### Problem
Repeat exactly the lines below from the line that contains "Ширма эконом отлично" to the last line, inclusive, without the pictures.

### Data extract
____________________

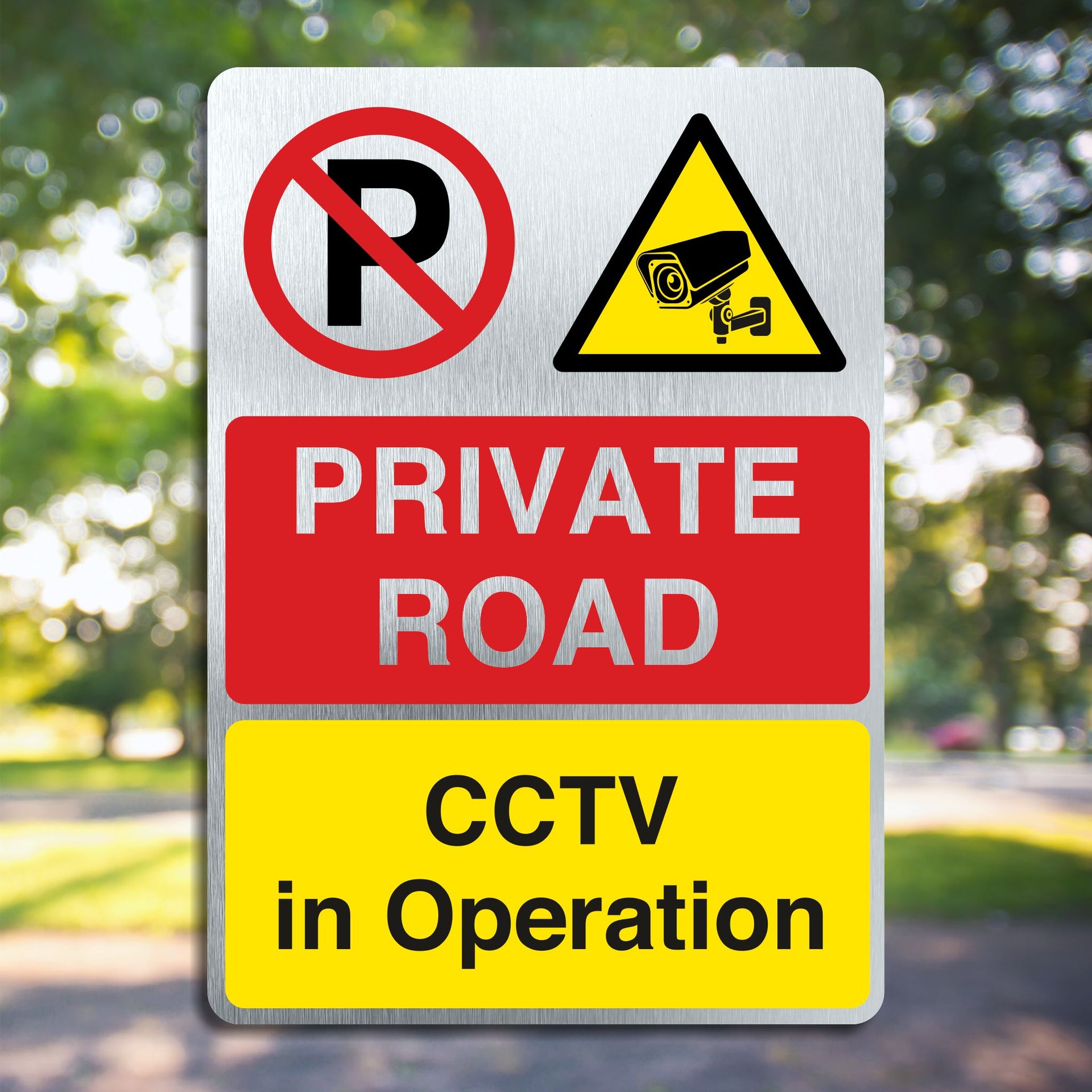 Brushed Aluminium Private Road CCTV In Operation Sign
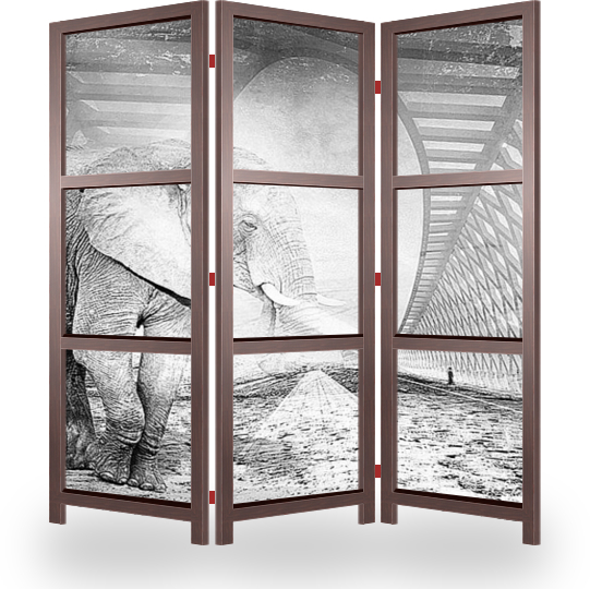 Ширма эконом отлично подойдет для временного размещения, рекламы, для отгораживания объектов интерьера и его дополнения. Лицевая сторона с изображением, обратная сторона открытый каркас
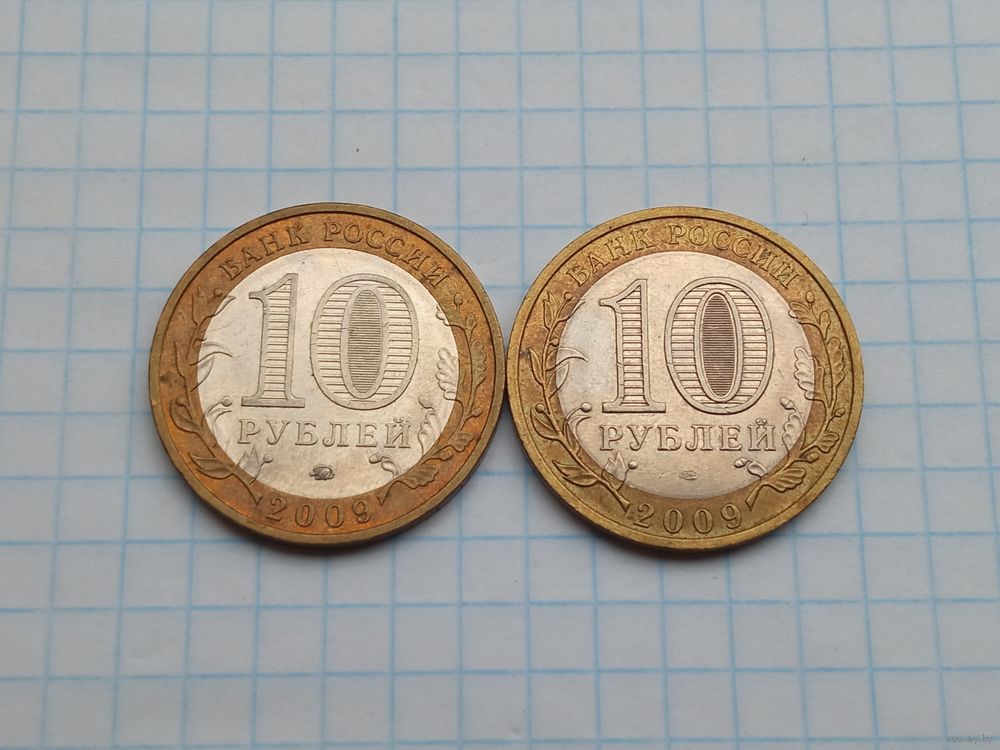 10 рублей 2009 Калуга ММД , СПМД , 2 монеты .

____________________

### Answer section
 Ширма эконом отлично подойдет для временного размещения, рекламы, для отгораживания объектов интерьера и его дополнения. Лицевая сторона с изображением, обратная сторона открытый каркас
 10 рублей 2009 Калуга ММД , СПМД , 2 монеты .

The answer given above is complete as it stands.